Natural Bioactive Molecules as Neuromedicines for the Treatment/Prevention of Neurodegenerative Diseases

Neurodegenerative diseases (NDDs) such as Alzheimer’s disease (AD), Parkinson’s disease (PD), multiple sclerosis, Huntington’s disease, and motor neuron disease are major neurological disorders marked by progressive neuronal loss. Central to their pathogenesis are oxidative stress (OS), neuroinflammation, excitotoxicity, mitochondrial dysfunction, and protein misfolding/aggregation.
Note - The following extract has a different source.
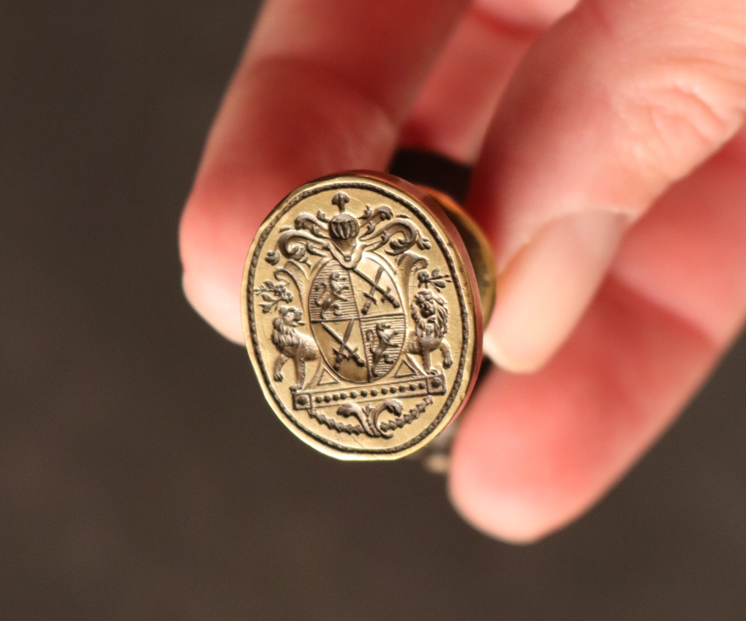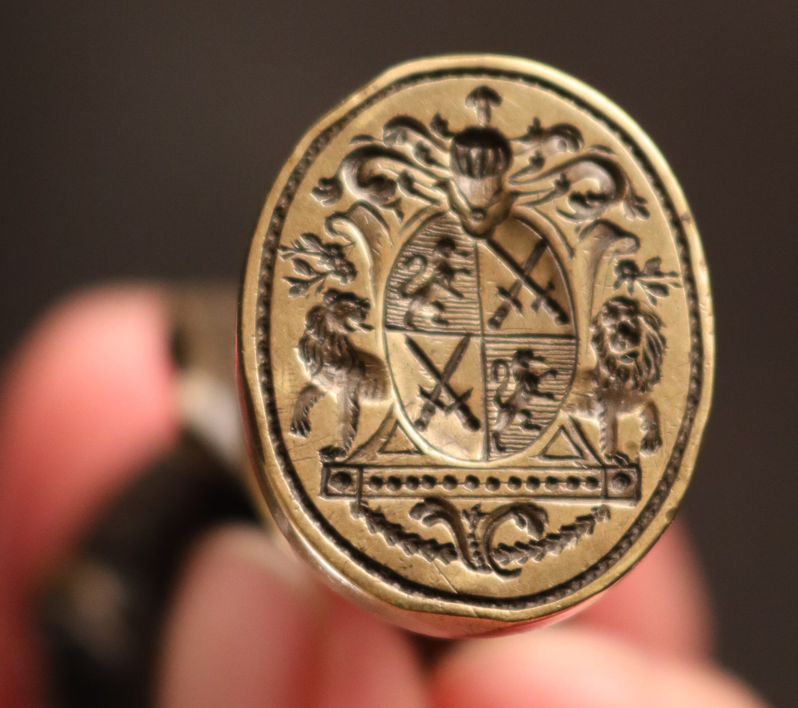 Heeft aan de onderzijde een familiewapen met ridderdecor.

The brain’s high oxygen consumption (~20% of total), rich content of oxidizable PUFAs, presence of redox-active metals, and reliance on mitochondrial oxidative metabolism elevate reactive oxygen/nitrogen species (ROS/RNS) burden. Oxysterols (e.g., 24-hydroxycholesterol, 7-ketocholesterol, 27-hydroxycholesterol) and lipid peroxidation products (HNE, MDA, acrolein, isoprostanes/neuroprostanes) damage macromolecules and promote amyloidogenesis and inflammation, contributing to AD and PD pathology. Lifestyle, diet, environmental factors, and stress further modulate risk. Current pharmacotherapies are largely symptomatic; thus, natural bioactives with antioxidant, anti-inflammatory, and neuromodulatory properties are being explored as preventive/therapeutic strategies to bolster the brain’s limited antioxidative/regenerative capacity.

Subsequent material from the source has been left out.